This discussion has been locked.
You can no longer post new replies to this discussion. If you have a question you can start a new discussion

utm 9 HA falls apart on dl380p g8 hyper-v

I thought it was finally time we give XG a chance (the last two times I've done this it's ended in tears as the platform is still WAY too green and lacking) - I figured it would finally be mature enough.  Maybe it is on sophos hardware, but sure doesn't seem to be under hyper-v!  Ran into nothing but problems on all hardware I tried.  Went back to UTM and had no trouble setting up an HA config on both poweredge r720s and r730s.  However when I tried to do the same on HP dl380p g8 boxes, I ran into trouble.  The individual units build up and function properly, but as soon as I put them into an HA pair (automatic config) their cpus spike to 100% and they become completely unresponsive.  I've rebuilt them multiple times to no avail - same behavior every time.  Any thoughts are welcome, thanks!



This thread was automatically locked due to age.
  • it occurred to me the other variable at the problem location is that it uses stacked netgear switches vs. hp switches at the other locations... so I shifted the VMs to run over a crossover cable between the two hosts and the problem did not occur... so I guess something about the switches is making the nodes wig out?  Will get the cabling shifted from crossovers to our other hp switches onsite when I get the chance to ensure the problem doesn't happen there as well.

  • Konichiwa - welcome to the UTM Community!

    Thanks for contributing the solution to teach others - I saw a similar situation here and at a client site within the last week.

    Cheers - Bob

     
    Sophos UTM Community Moderator
    Sophos Certified Architect - UTM
    Sophos Certified Engineer - XG
    Gold Solution Partner since 2005
    MediaSoft, Inc. USA
  • Hi Bob, so interestingly we have another site with the same Netgear stacked switches that has one Dell and one HP server. I did not experience the problem when I created an HA utm pair there last night, so now I’m not sure where the blame lies...
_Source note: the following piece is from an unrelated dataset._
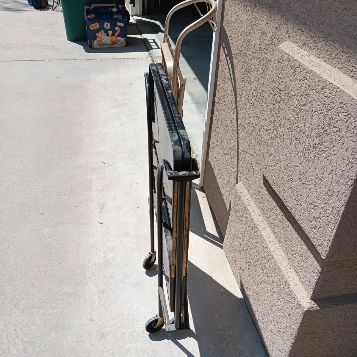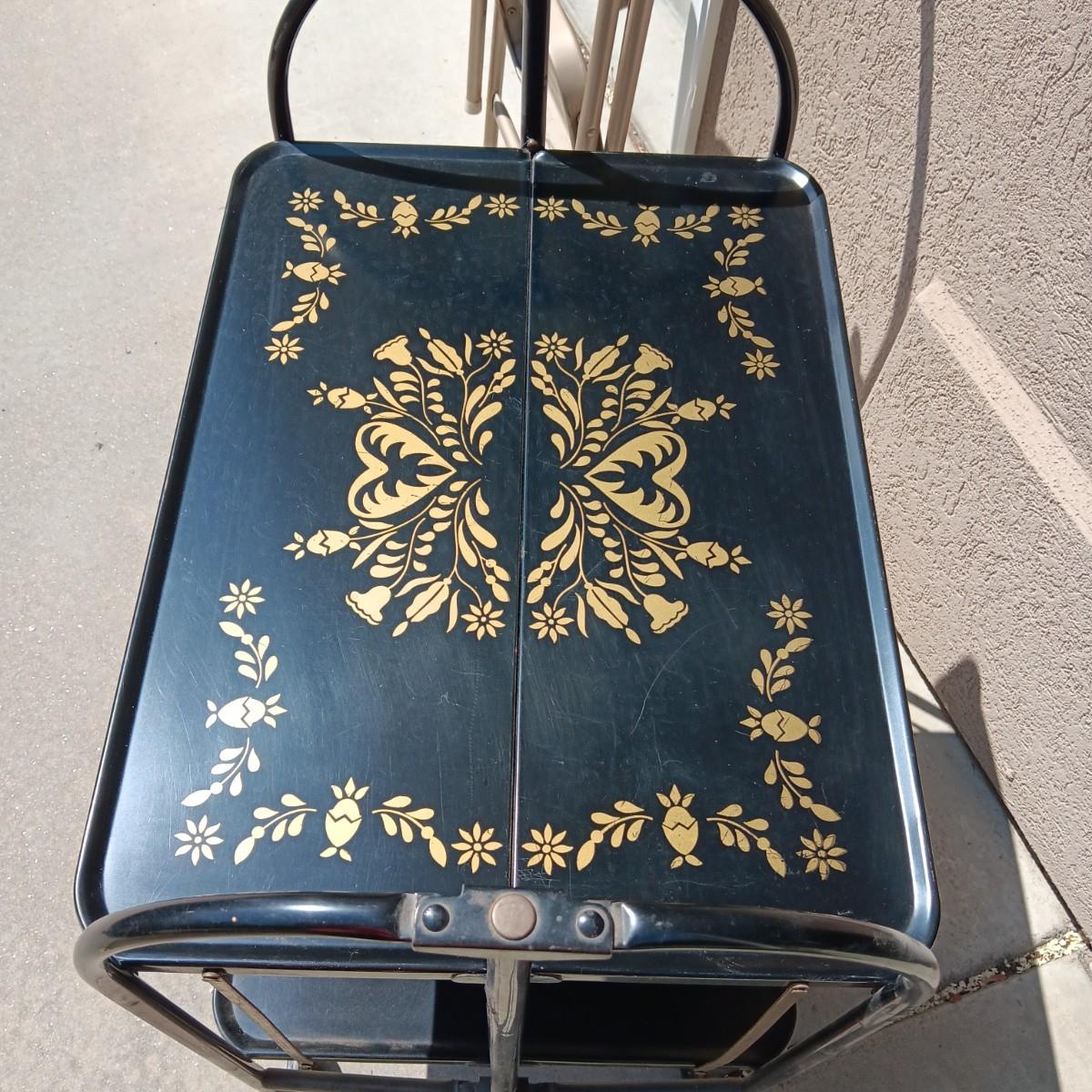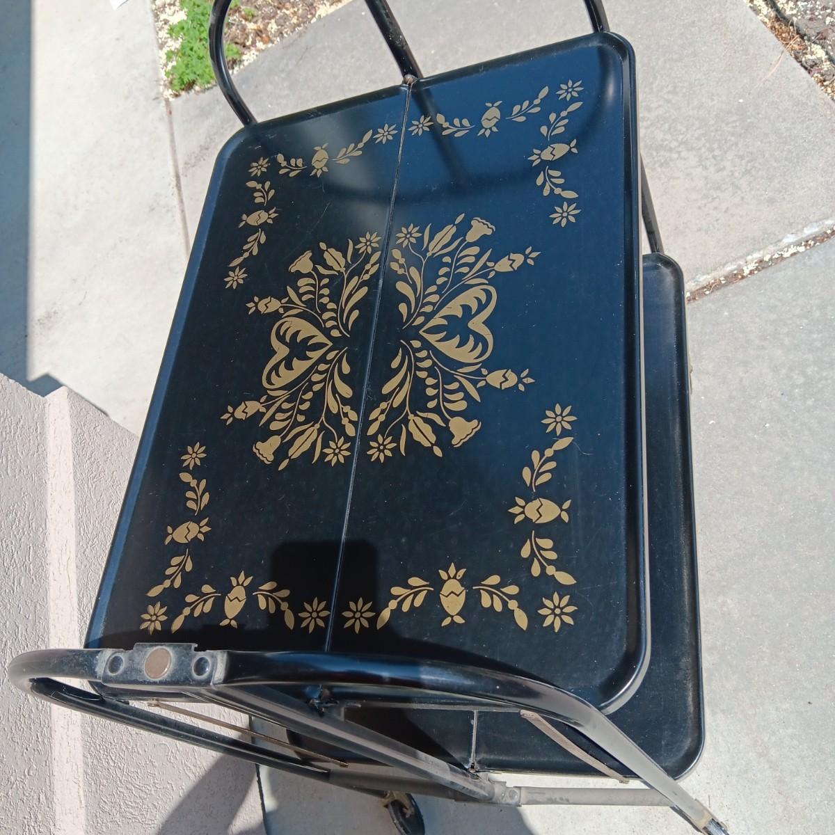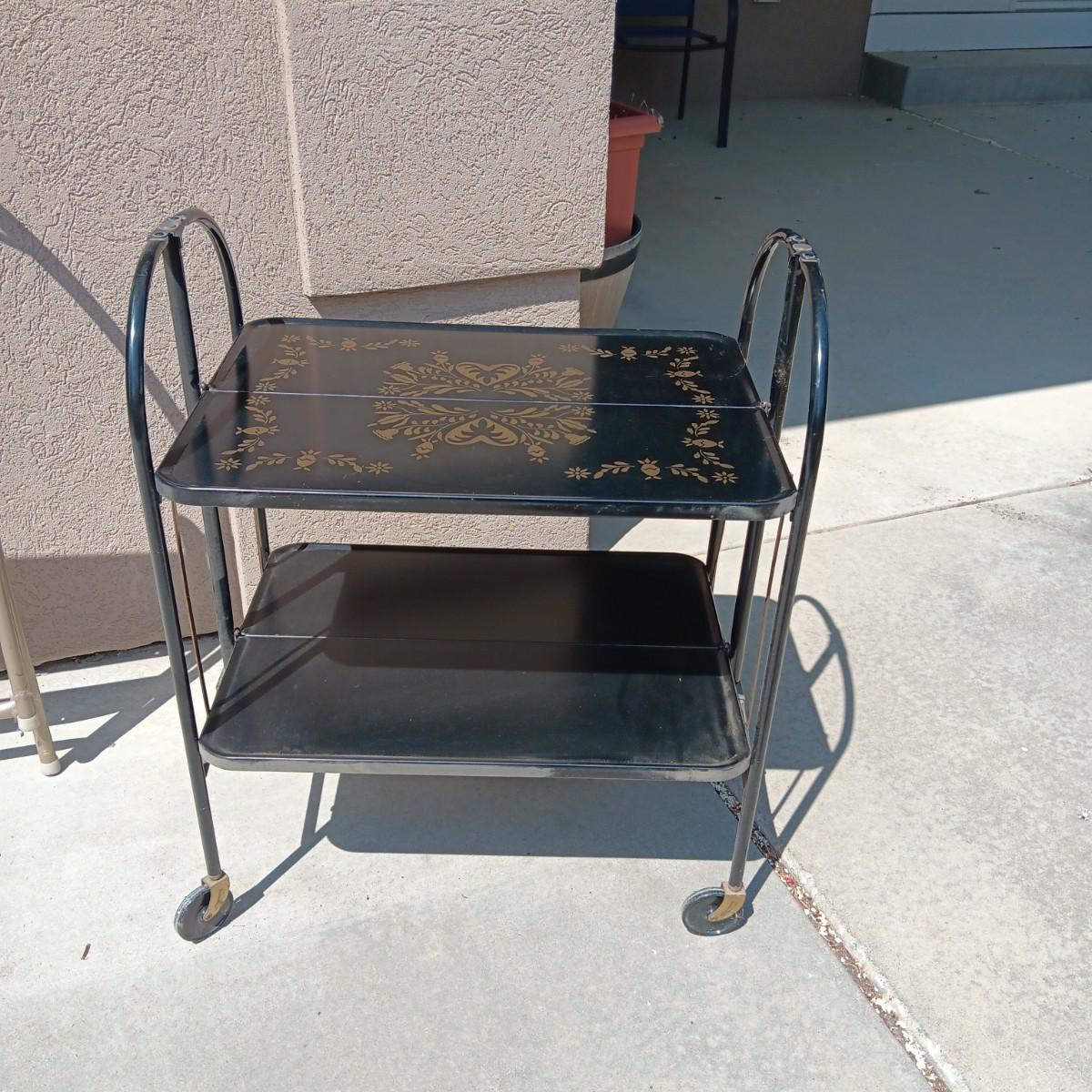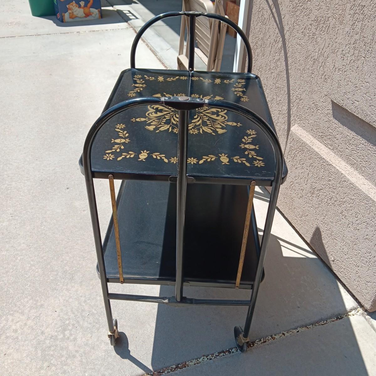 MID-CENTURY FOLDING 2 TIER CART ON CASTERS AND A FOLDING STEP STOOL

  • well actually it looks like it is happening, it just took much longer to manifest (at the other office it was pretty instantaneous).  with this one i was able to see the flapping/heartbeat lost/another master messages in the HA log and putty in to set the heartbeat keepalive from 3 to 10 (per one of your other threads).  went to bed and woke up to them being frozen with cpu out of control.  so maybe netgear is the problem after all.

  • Just a thought related to #7.7 in Rulz (last updated 2021-02-16) - what if you set a fixed speed & duplex on the 'Hardware' tab of 'Interfaces' for the NIC connected to the Netgear?

    Cheers - Bob

     
    Sophos UTM Community Moderator
    Sophos Certified Architect - UTM
    Sophos Certified Engineer - XG
    Gold Solution Partner since 2005
    MediaSoft, Inc. USA
  • ok this is getting very strange.  we set up a pair of PHYSICAL sg115 boxes at the original problem site with a home license to see if there was any difference.  it seemed fine for days and now today it is exhibiting the same problem as the virtual clusters - cpu going nuts on both nodes for no reason.  also the virtual one at the other site which had been working fine is doing it too.  ugh.

  • Did you try #7.7 as I suggested in my previous post here?

    Cheers - Bob

     
    Sophos UTM Community Moderator
    Sophos Certified Architect - UTM
    Sophos Certified Engineer - XG
    Gold Solution Partner since 2005
    MediaSoft, Inc. USA
  • no as it doesn't apply since the netgear is not in the picture any more.  the virtual sophoses at the problem site were moved to hp switches (identical to our working site) but still had the problem.  so we set up physical sophoses and today they wigged out too.